Background technique
With the rapid development of the applications such as internet, mobile Internet, Internet of Things, there is explosive increasing in global metadata amount
It is long.The digital cosmic exploration of IDC LLC's publication, which is reported, to be claimed, and global information total amount will every two years double, the whole world in 2011
The total amount of data for being created and being replicated is 1.8ZB.IDC thinks, arrives coming decade (the year two thousand twenty), and all IT departments in the whole world gather around
There is the total amount of server that will have more 10 times than now, the data managed will have more 50 times than now.The year two thousand twenty is expected,
The whole world will possess the data volume of 35ZB in total.Being skyrocketed through for data volume implies that we have come into a big data now
Epoch.However, being currently not only that data scale is increasing, and data type is mostly all very big with processing real-time requirement
Ground increases the complexity of big data processing.

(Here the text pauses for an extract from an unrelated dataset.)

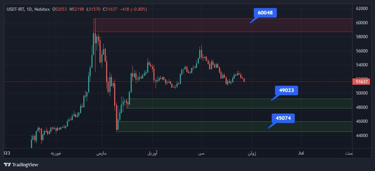 قیمت دو محدوده حمایتی بسیار مناسب در سطوح 49 و 45 هزار دارد که در صورت رسیدن قیمت به این نواحی ، میتوانیم انتظار رشد مجدد تا محدوده مقاومتی 60 هزار داشته باشم در میان مدت و بلند مدت
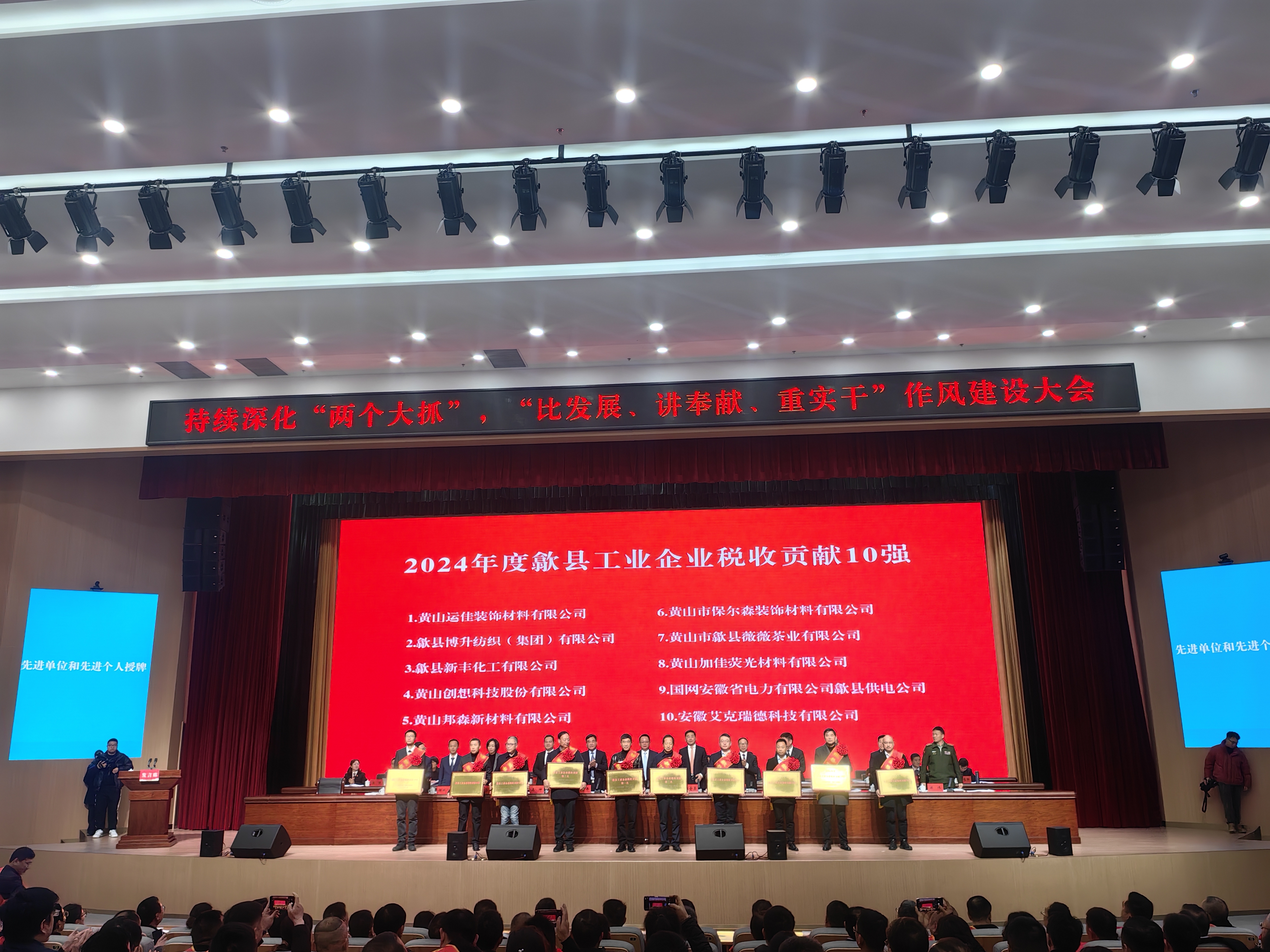 公司榮獲“歙縣工業企業稅收貢獻10強”榮譽稱號

Distributed computing framework spark is suitable for the data analysis mining under mass data scene, the data structure of spark
Ataframe is similar to the dataframe of python and R language, is a kind of data processing structure of structuring, has line index
And column index.Based on these characteristics, it can be convenient, accurately data are handled, dataframe itself has carried many use
In the API of data cleansing processing, many complicated functions can be realized by simply calling.It is applied to big data analysis at present
Analysis platform scheme is single, data-handling efficiency is low, while poor expandability.
Summary of the invention
The purpose of the present invention is to provide a kind of scalability big data analysis platform based on Hadoop and Spark, with
Solve the problems mentioned above in the background art.

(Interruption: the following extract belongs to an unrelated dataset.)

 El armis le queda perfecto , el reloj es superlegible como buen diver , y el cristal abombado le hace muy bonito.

To achieve the above object, the invention provides the following technical scheme: a kind of scalability based on Hadoop and Spark
Big data analysis platform, including data access module, characteristic extracting module, global data analysis module, data management can be expanded
Module, stream management module and operator management module, it is described expand data access module be provided with it is multiple and its be used to provide it is more
Kind data source access, input data simultaneously support distributed file system, columnar database, the storage of the data of relevant database
Mode;The characteristic extracting module expands that data access module is connect and it is used to read input data with multiple comprising
Integral unit and data type extraction unit, integral unit receive multiple input datas for expanding data access module and to defeated
Enter data to be integrated, input data is integrated into prefab data collection;The data type extraction unit and integral unit connect
It connects and it is used to obtain prefab data collection, speculate that prefab data concentrates the data type of each column, and data class is carried out to it
Type mark.
Preferably, global data analysis module has global storage unit, and global data analysis module is mentioned with data type
Take that unit connects and it is used to carry out prefab data collection batch global analysis or online real-time global analysis, based on memory into
Row iteration formula calculates, and carries out global analysis to magnanimity prefab data collection and decomposed after analysis to store to overall situation storage list
Member.
Preferably, data management module, will by http agreement for being managed to data in global storage unit
Data upload in the distributed file system of platform.
Preferably, stream management module for being managed to the workflow in platform, additions and deletions change and look into.
Preferably, operator management module is used to be managed all kinds of spark operators encapsulated in platform, and by platform pair
These operators are patterned encapsulation, and operator management module utilizes spark dataframe operator classified catalogue formula management method
Operator is classified, and managed, shown and generate classified catalogue.
Preferably, operator management module includes slice unit, and slice unit is to obtain operator slice simultaneously by predetermined period
Operator slice is managed.
The present invention also provides a kind of above-mentioned analyses of the scalability big data analysis platform based on Hadoop and Spark
Method, comprising the following steps:
S1: data access module can be expanded and provide multiple data sources access and by data source access features extraction module;
S2: characteristic extracting module obtains multiple data sources and is integrated, extracted to it;
S3: global data analysis module carries out global analysis to the data after integration, extraction, is sent to after global analysis
To data management module;
S4: data management module is managed data in global storage unit, and is uploaded data by http agreement
Into the distributed file system of platform;
S5: operator management module carries out periodical management to all kinds of spark operators encapsulated in platform.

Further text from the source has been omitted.